Most of us, including myself, read about the office of a prophet and our mind automatically recalls the renowned prophets of the Old Testament—daring Daniel, emotional Jeremiah, obedient Isaiah, among others. After all, they have books named after them and their delivered pronouncements endure to our day and beyond.
Similarly, when we think of apostles, we think of the Twelve whom we sang about in Sunday School (“There were twelve disciples. Jesus called to help Him.”). The Bible follows these twelve apostles from their inexperienced beginnings until empowered at Pentecost.
Yet, there were more apostles than the Twelve and additional prophets than the ones that are familiar to us. As the Mystery was being revealed during the transition away from the Kingdom program, God had apostles and prophets of Grace. This is what is recorded for us in the Holy Scriptures by Paul.
Apostles and Prophets of Grace
First Corinthians 1:28 declares, “And God hath set some in the church, first apostles, secondarily prophets, thirdly teachers, after that miracles, then gifts of healings, helps, governments, diversities of tongues.” We learn that, besides supernatural confirmation gifts (tongues, healings, miracles), God also utilized the gifts of apostles and prophets as His Grace message was being made known.
There was no school you could go attend in order to learn the theology of Grace, for it had been hidden in the mind of God until the moment it was revealed to the Apostle Paul. It was necessary for God to supernaturally empower men to lead and proclaim according to His ways of Grace. We know there was prophecy happening in Corinth because Paul lifted it up as the preferable gift (I Cor. 14:1). As Corinthians was written during the time of the transition from Kingdom to Mystery, Paul gave the prophets instructions in the proper decorum for prophesying (I Cor. 14:29) and says this gift was important for people to learn and be comforted (I Cor. 14:31).
First Corinthians is also the book that tells us that there will come a day when the truth of the Mystery program is fully revealed and then prophecy (and supernatural gifts) will stop (I Cor. 13:9-10) for the remainder of the age of Grace.
Well, the fullness of God’s revelation has been complete, so prophecy is not being used by God today. Instead—and just as sufficient and powerful—God’s Word has been completely revealed and it is what informs, empowers, and equips us to serve (II Tim. 3:16-17).
Though we live in this time of completed revelation, we need to recognize that the apostles and prophets of Grace were foundational for the revealing of the Mystery. Ephesians 4:11 confirms this: “And He gave some, apostles; and some, prophets.” Another book written during the transition period, Romans, lists prophecy as a gift given by the Holy Spirit (12:6). There was a prophet amongst the Cretians (Titus 1:12). Timothy’s ministry was recognized by the prophets (I Tim. 4:14).

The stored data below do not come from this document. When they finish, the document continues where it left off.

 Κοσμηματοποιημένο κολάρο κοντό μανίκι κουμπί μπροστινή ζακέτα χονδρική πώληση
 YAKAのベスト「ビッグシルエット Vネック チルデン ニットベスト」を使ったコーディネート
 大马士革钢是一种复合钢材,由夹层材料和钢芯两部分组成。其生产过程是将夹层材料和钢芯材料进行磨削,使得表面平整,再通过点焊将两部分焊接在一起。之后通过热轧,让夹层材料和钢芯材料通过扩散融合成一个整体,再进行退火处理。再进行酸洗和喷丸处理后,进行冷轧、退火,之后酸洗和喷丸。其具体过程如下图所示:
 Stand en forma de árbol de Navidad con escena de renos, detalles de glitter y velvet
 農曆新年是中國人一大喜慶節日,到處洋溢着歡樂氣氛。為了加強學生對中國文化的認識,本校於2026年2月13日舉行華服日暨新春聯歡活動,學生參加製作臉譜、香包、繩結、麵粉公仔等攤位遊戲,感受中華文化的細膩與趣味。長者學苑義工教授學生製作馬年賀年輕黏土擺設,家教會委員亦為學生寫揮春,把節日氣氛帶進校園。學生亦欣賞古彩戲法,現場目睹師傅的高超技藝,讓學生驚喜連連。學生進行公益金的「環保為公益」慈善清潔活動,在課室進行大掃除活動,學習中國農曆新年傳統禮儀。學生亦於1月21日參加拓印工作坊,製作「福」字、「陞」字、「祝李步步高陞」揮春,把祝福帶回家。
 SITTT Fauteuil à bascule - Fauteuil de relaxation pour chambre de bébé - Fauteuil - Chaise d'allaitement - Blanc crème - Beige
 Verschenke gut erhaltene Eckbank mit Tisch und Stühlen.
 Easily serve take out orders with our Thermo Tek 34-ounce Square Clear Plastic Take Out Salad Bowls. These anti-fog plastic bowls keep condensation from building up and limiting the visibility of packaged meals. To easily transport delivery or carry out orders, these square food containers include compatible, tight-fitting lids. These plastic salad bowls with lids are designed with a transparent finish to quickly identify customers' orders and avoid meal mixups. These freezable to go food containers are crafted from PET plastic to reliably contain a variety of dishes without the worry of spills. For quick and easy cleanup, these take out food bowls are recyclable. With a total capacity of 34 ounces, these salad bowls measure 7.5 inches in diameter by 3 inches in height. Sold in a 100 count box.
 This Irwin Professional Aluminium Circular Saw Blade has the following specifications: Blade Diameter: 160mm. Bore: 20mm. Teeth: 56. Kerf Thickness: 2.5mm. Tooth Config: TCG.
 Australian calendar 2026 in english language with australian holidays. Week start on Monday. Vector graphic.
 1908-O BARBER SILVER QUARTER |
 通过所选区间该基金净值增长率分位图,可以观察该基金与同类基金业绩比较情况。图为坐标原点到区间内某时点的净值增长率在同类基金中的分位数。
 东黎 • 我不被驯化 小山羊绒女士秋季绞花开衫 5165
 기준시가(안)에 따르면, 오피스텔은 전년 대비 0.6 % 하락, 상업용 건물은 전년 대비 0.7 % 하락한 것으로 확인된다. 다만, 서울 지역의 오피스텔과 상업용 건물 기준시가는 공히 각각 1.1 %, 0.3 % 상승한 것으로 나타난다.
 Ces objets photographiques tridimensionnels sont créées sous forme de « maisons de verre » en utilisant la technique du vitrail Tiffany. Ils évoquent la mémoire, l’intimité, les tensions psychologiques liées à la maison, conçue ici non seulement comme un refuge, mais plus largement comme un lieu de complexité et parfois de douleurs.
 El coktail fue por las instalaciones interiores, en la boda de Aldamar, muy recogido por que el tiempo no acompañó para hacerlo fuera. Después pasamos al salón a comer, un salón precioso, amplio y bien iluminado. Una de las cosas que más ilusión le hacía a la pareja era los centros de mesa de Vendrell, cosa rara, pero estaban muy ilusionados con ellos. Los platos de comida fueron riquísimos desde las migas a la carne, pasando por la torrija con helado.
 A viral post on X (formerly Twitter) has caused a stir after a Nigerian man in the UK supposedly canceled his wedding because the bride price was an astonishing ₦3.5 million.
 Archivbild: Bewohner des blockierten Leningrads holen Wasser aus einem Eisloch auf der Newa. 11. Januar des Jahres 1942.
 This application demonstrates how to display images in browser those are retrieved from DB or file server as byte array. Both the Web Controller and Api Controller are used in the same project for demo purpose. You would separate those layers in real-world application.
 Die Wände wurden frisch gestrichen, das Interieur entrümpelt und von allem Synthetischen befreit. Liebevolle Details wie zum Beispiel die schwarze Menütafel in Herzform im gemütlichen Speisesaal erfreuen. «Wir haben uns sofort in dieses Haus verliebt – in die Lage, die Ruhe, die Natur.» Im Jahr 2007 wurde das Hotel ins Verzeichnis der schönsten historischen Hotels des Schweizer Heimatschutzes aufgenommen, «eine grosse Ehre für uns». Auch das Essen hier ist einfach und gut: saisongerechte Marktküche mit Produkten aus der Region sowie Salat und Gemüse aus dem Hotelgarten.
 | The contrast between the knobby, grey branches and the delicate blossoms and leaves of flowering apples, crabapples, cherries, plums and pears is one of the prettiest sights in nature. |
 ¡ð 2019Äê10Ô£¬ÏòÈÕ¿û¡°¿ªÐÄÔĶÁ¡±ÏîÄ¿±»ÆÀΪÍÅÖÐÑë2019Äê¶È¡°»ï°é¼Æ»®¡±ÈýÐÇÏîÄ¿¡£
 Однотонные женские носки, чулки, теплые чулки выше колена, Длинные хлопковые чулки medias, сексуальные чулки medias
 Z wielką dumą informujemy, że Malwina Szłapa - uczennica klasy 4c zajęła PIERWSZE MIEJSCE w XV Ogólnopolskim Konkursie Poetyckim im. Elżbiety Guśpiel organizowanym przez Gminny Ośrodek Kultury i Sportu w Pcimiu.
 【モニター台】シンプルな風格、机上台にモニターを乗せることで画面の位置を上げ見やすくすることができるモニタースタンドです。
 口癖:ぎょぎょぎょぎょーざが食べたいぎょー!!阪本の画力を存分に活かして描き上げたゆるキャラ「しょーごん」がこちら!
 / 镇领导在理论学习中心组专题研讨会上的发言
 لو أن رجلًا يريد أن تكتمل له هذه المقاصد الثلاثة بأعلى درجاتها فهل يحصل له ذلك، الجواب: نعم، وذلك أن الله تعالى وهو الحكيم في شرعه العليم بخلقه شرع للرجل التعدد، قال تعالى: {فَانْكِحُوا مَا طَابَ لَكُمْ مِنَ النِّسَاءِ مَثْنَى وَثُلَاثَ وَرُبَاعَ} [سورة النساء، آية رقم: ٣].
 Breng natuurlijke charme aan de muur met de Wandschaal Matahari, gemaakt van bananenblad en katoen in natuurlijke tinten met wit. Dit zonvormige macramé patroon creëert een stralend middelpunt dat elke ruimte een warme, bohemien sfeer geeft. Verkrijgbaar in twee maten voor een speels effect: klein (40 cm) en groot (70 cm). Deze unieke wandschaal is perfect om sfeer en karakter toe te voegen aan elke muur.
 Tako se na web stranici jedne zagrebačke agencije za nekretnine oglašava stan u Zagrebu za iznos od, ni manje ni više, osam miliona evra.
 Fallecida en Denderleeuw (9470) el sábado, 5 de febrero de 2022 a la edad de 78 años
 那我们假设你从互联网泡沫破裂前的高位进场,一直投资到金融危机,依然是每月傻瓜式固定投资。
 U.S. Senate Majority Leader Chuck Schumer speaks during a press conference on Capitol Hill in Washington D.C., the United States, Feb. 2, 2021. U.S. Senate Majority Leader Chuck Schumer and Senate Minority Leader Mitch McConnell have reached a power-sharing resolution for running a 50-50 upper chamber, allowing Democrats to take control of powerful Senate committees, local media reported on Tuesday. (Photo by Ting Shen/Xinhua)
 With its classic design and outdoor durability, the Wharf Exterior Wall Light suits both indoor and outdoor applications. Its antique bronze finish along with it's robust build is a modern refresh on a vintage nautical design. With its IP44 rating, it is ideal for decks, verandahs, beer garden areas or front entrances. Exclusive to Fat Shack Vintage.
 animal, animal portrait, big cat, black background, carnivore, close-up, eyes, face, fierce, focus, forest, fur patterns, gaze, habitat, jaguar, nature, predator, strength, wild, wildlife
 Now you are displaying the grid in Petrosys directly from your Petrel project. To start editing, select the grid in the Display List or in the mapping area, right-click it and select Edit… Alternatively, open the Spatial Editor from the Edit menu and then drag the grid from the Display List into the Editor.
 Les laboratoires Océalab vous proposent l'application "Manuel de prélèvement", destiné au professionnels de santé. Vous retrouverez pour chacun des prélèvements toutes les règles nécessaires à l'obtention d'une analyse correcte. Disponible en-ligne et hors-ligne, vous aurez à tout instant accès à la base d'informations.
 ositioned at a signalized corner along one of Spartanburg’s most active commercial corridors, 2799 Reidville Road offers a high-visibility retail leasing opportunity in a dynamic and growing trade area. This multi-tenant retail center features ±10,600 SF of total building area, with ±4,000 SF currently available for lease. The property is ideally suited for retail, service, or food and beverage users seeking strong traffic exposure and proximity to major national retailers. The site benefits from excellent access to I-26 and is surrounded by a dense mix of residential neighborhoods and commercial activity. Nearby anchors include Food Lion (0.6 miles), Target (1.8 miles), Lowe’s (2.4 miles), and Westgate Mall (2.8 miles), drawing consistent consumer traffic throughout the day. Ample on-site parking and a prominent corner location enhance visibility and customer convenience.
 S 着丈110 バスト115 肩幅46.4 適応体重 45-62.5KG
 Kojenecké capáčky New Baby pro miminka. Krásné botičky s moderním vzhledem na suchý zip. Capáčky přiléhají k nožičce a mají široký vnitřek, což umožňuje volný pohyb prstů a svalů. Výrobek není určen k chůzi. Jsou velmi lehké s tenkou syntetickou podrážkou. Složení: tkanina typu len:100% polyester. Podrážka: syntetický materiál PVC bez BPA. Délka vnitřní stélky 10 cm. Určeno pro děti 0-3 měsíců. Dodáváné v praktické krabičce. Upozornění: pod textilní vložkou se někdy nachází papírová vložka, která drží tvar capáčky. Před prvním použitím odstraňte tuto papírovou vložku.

Back to the verse in question: Ephesians 3:5 is stating that those Old Testament prophets and those twelve apostles did not know the Dispensation of Grace like the prophets and apostles of Grace know it now. Earlier in Ephesians chapter 2 verse 20, we learn that the apostles and prophets of Grace were foundational for what God is doing today in this age of Grace. They were necessary as the Church, the Body of Christ, was in its beginning stages (Eph. 2:20).
We know Paul was an apostle, for the Scripture assigns the title to him several times (I Cor. 1:1; II Cor. 1:1; I Tim. 2:7; etc.). He was THE Apostle to the Gentiles (Rom. 11:13). While we do not have anyone in the Bible specifically labeled a “prophet of Grace,” the Scriptures do inform us that they existed (e.g., Rom. 16:26). In fact, Paul’s epistles could be considered prophetic writings, proclaiming the truth of God revealed to him for those under the Dispensation of God’s Grace through Christ Jesus.